Most Helpful Customer Reviews
130 of 135 people found the following review helpful
5.0 out of 5 stars Integrated Material January 9, 2007
Format:Hardcover
Gelman and Hill have put together a fabulously well-integrated look at general modeling with a focus on hierarchical structures. The book starts with simple modeling principles and continues well into material that would satisfy a third semester course in many social science grad programs. This book does something that is extremely hard: presenting serious technical ideas without overwhelming language and detail, making the chapters unusally easy to read and digest. They also do a very nice job of balancing Bayesian and traditional approaches without denigrating or over-promoting either. This should considerably broaden the appeal. Furthermore, the emphasis on R and WinBugs means that readers can immediately (and for free) run through the techniques.
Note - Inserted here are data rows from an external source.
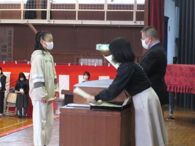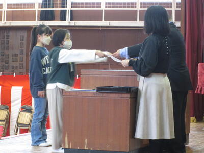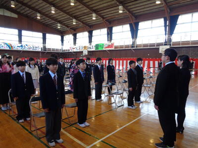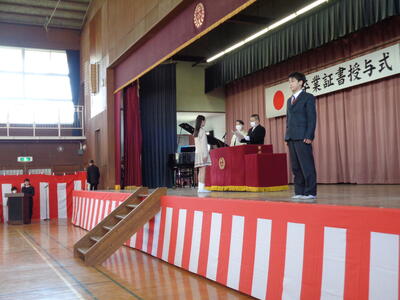 卒業生は、別れの言葉の中で、呼びかけと「旅立ちの日に」「さくら」の2曲を歌いました。堂々とした声と立派な態度に、卒業生の熱い想いが伝わってきました。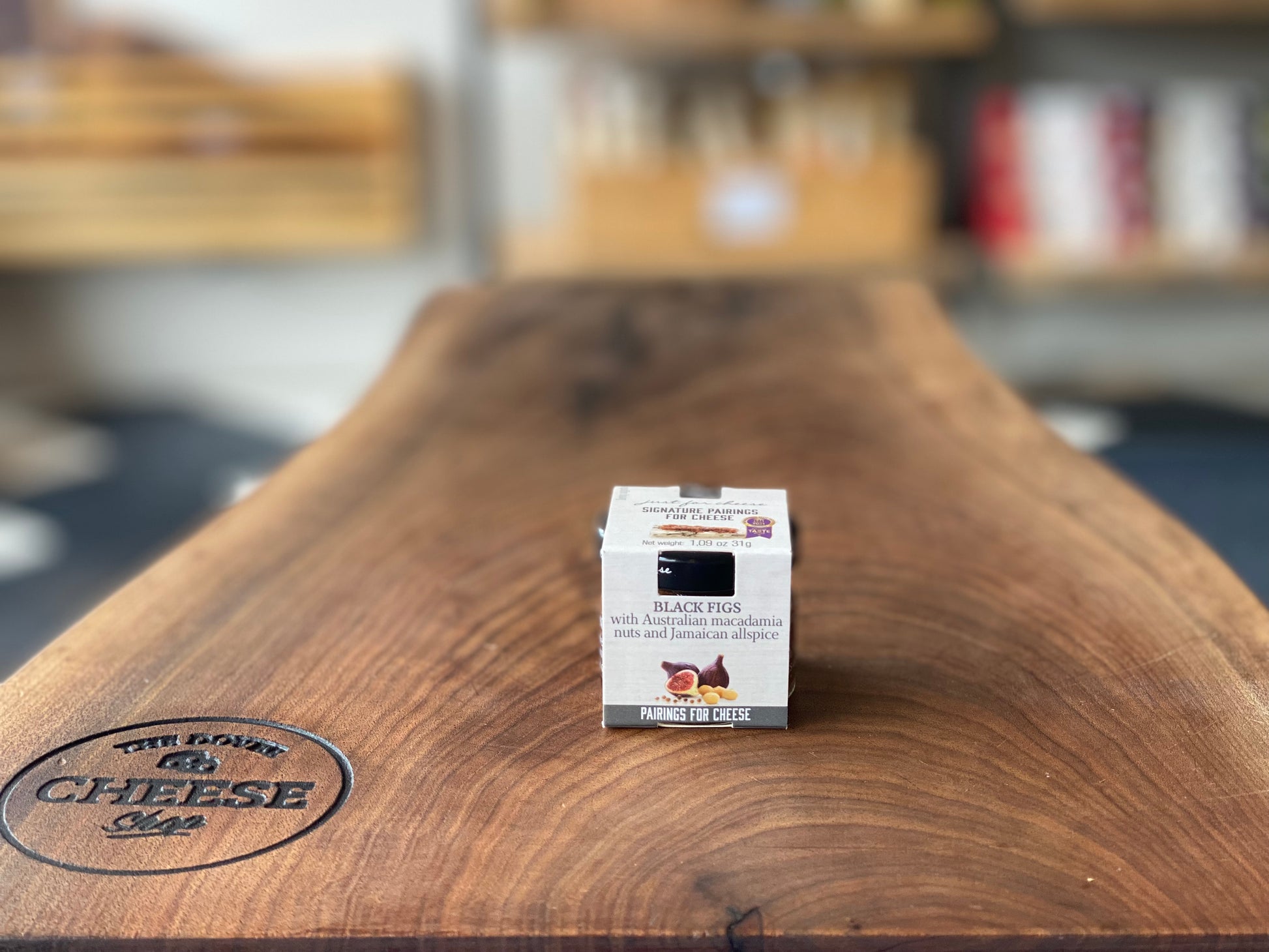 Black Figs with Australian macadamia nuts and Jamaican allspice. Smooth, creamy, subtle sweetness and a touch of spice with a slight crunch. Pairs with brie and blue cheeses. 33g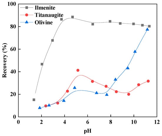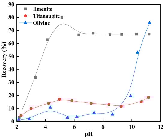 Figure 13. The variation in flotation recovery rates of fine-grained ilmenite, titanaugite, and olivine under the action of sodium silicate with pH value.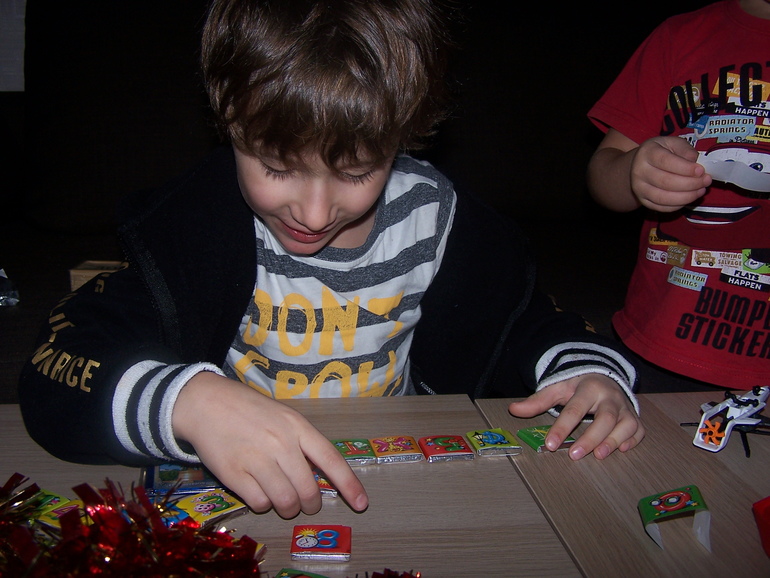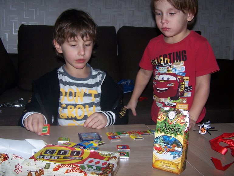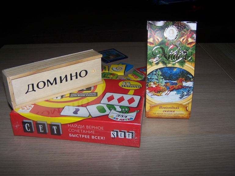 В небольшом почтовом пакете из Екатеринбурга нас ждало множество разных сюрпризов: шоколадки с буквами, магнитик Екатеринбург, пакетик чая, и две игры, которые всегда оставались у меня "за кадром". Но домино - это классика, не иметь его в арсенале никак нельзя. А об игре Сет я давно мечтала, но все никак не решалась приобрести. И вот случилось, мечта сбылась! Огромное спасибо нашей снегурочке из Екатеринбурга. Надеюсь, у нас найдется время поиграть в домино в перерывах между нарезкой салата Оливье и экскурсиями по Новогодней Москве.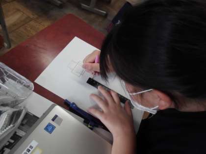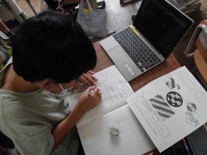 垂直や平行,平行四辺形や台形など,習ったことを使って身の回りにある図形を探したり,自分でかいたりしました。今回は自分で課題を選んで,学習を進めていました。みんなとても楽しそうでした。

I see this book as primarily a teaching tool, although many will use it as a reference. In this light, it is without peer right now in terms of coverage (basically all of the standard/basic regression models that get taught to social science grad students), price/page ratio (0.15366), and accessibility. Many of us have used econometric texts for such purposes over the years, living with a slightly mismatched set of criteria to rely on the quality of these works (Greene, Mittlehammer et al., etc.), but now there is a competitor that fits much more nicely with non-economic methods training (less of a fixation with asymptotics, no need for 200 named flavors of each model, and so on). Finally, the practical advice and admonitations that accompany the model descriptions will be immensely helpful to practitioners.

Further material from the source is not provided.